Would you please print exactly the lines that run from the one with "These No Bake" to the last line of the data, both included, without any pictures?

● Recorded information:
******************************
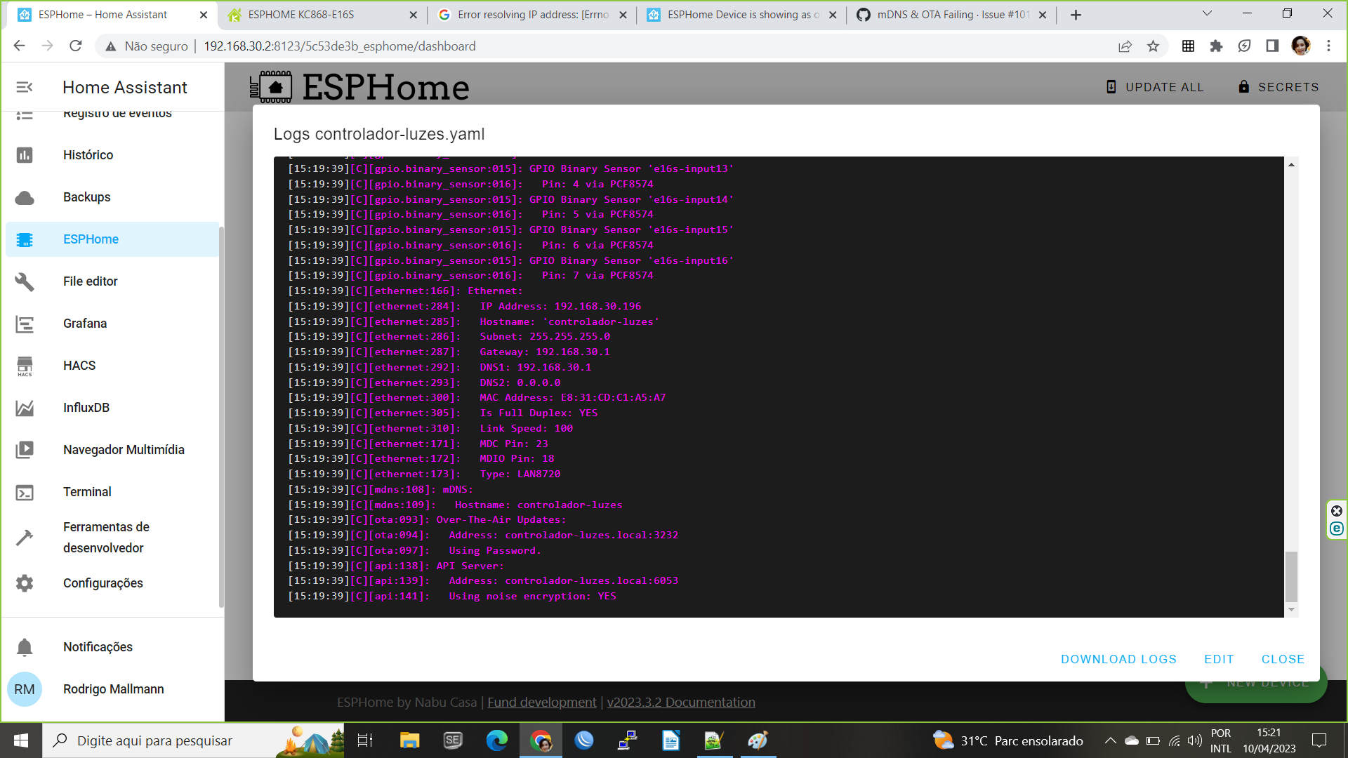 Esse print peguei no carregamento do controlador onde mostra que ele recebeu ip do roteador, mas nao se comunica com o home assistant.
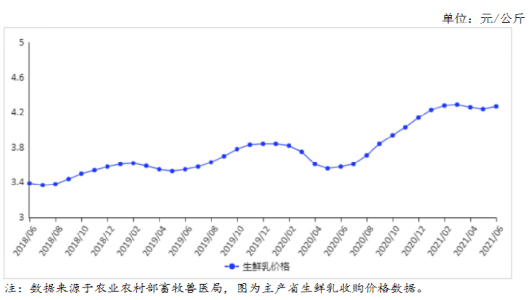 在乳制品行业中,原奶价格始终是成本大头。原奶主要指的是生鲜乳,也是白奶、酸奶等液态奶的主要原料。下图是近三年来生鲜乳价格走势图,可以看出,价格自18年6月以来产品价格一直处于震荡攀升状态。尤其是自去年年中以后,价格明显步入加速上升状态。
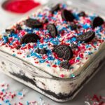 These No Bake Fireworks Oreo Cheesecake Bars combine a crunchy Golden Oreo crust with a creamy, dreamy cream cheese filling loaded with chopped Fireworks Oreo cookies. Topped with festive red, white, and blue sprinkles and optional popping candy, these bars are a fun, colorful, and easy dessert perfect for celebrations and patriotic occasions. No baking required and ready in just a few hours of chilling, they offer both delicious flavor and eye-catching presentation.
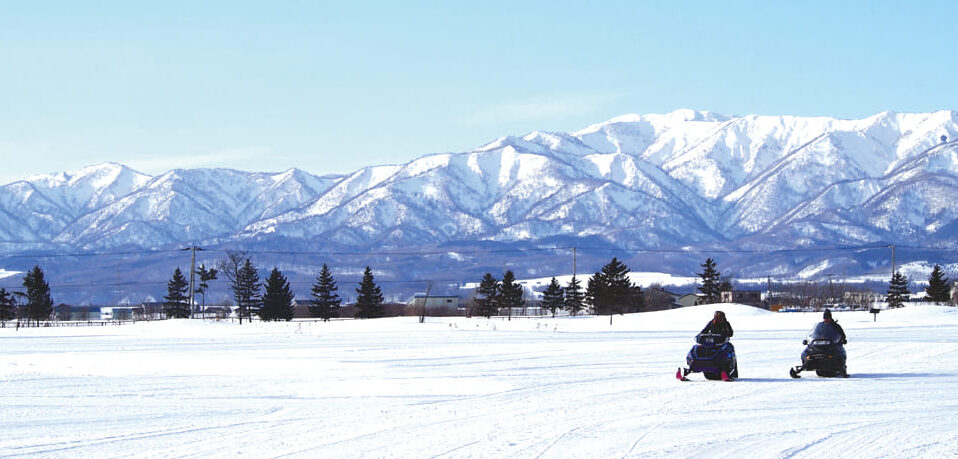 広大なゴルフ場内をスノーモービルで巡るツアー。パウダースノーを駆け巡り、途中の絶景スポットでのコーヒーブレイクも楽しめます。
******************************
● Your solution:
 These No Bake Fireworks Oreo Cheesecake Bars combine a crunchy Golden Oreo crust with a creamy, dreamy cream cheese filling loaded with chopped Fireworks Oreo cookies. Topped with festive red, white, and blue sprinkles and optional popping candy, these bars are a fun, colorful, and easy dessert perfect for celebrations and patriotic occasions. No baking required and ready in just a few hours of chilling, they offer both delicious flavor and eye-catching presentation.
 広大なゴルフ場内をスノーモービルで巡るツアー。パウダースノーを駆け巡り、途中の絶景スポットでのコーヒーブレイクも楽しめます。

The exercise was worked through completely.